Ten Tips for Expecting or New Parents

So, you’ve joined, or are about to join, the parenting club. Welcome! No matter where you go in the world you will find you have sisters and brothers who are willing to extend an abundance of empathy, wisdom, encouragement and assistance. Indeed, consider this blog one such resource. In this entry I’d like to offer 10 tips for this phase of your parenting life. (I will write this as if you are in a two parent household, but these tips can be easily adapted to other situations.)
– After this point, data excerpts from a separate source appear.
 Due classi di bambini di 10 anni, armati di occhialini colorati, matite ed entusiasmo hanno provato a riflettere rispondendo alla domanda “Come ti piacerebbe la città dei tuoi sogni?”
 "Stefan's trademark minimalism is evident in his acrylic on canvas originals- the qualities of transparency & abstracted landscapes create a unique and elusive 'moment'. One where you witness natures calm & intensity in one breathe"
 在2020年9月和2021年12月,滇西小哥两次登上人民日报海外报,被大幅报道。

#1 Establish your boundaries with in-laws and other well intended people. Some in-laws are wise and know not to offer unsolicited advice. But, others need help in understanding that you will reach out if and when you want advice. I’d suggest each of you speak with your own birth parents about this. This needn’t be unpleasant and can be done in a lighthearted way. Then, insist on these boundaries lest you want to live with no end to unsolicited advice.

#2 Don’t put the pressure on yourself to act like you know what’s coming. It doesn’t matter how intelligent and insightful you are. There is no way to reason to how much love, exhaustion and lunacy you will feel, and that’s totally okay. So, try to be at peace with that.
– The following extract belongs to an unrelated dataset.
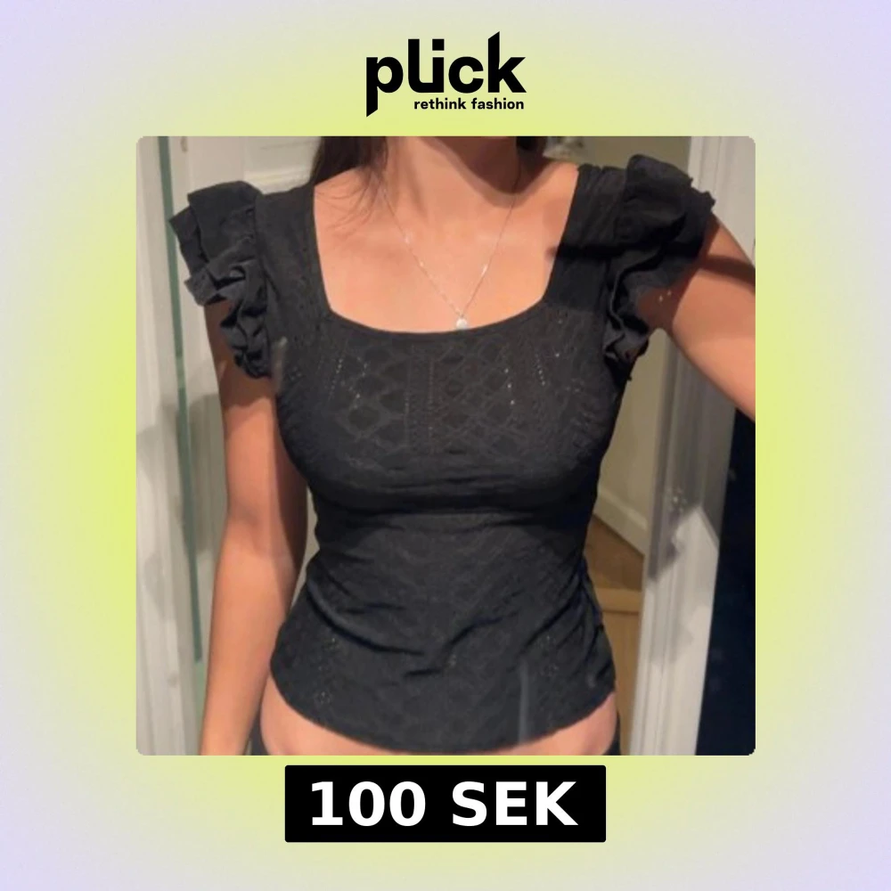 Snygg svart topp med volangärmar och fyrkantig halsringning. Toppen har ett subtilt mönster och är perfekt för en stilren look. Passar bra till både jeans och kjol.

#3 Try to accept that there is no way to prepare fully for the chaos. Sure, it’s totally okay to nest and set things up. But, at some point the preparation can become like a soldier ironing his trousers before going into battle. Developing a certain comfort with chaos is very helpful to your mental health. (As a related matter, it’s always interesting to watch couples trying to determine the “perfect” time to have a child, as if a tornado could be put in a box.)

#4 Make an active plan for couple time. If you are not disciplined and proactive about this your romantic relationship will take a heavy hit. For a related blog entry click here.
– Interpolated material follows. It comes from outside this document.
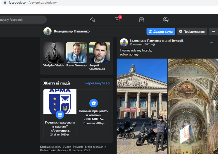 Інформація про далекі поїздки Володимира Павленка стала відома із соціальних мереж. 15 жовтня 2021 року о 16:11 він публікував на своїй сторінці у Facebook своє фото в місті Тернопіль (а це 420 км від Києва, де зареєстрований Павленко).

#5 Agree to a childcare plan. Many parents wonder if it’s better for the child for the mom to stay at home or not. Bottom line: assuming the person(s) taking care of your child do a good job, it’s best to do the thing that will make you and your partner feel most satisfied. There is no one right choice. It’s a matter of personal preference.

#6 Agree to a nighttime feeding plan. Your new baby will sleep for only a few hours at a time until he or she gains enough weight to not need feedings throughout the night. So, have a discussion about who will do what when. There are so many permutations of this that I haven’t space to list them. It’s just important to talk it out lest the person doing all or most of the work builds up resentment.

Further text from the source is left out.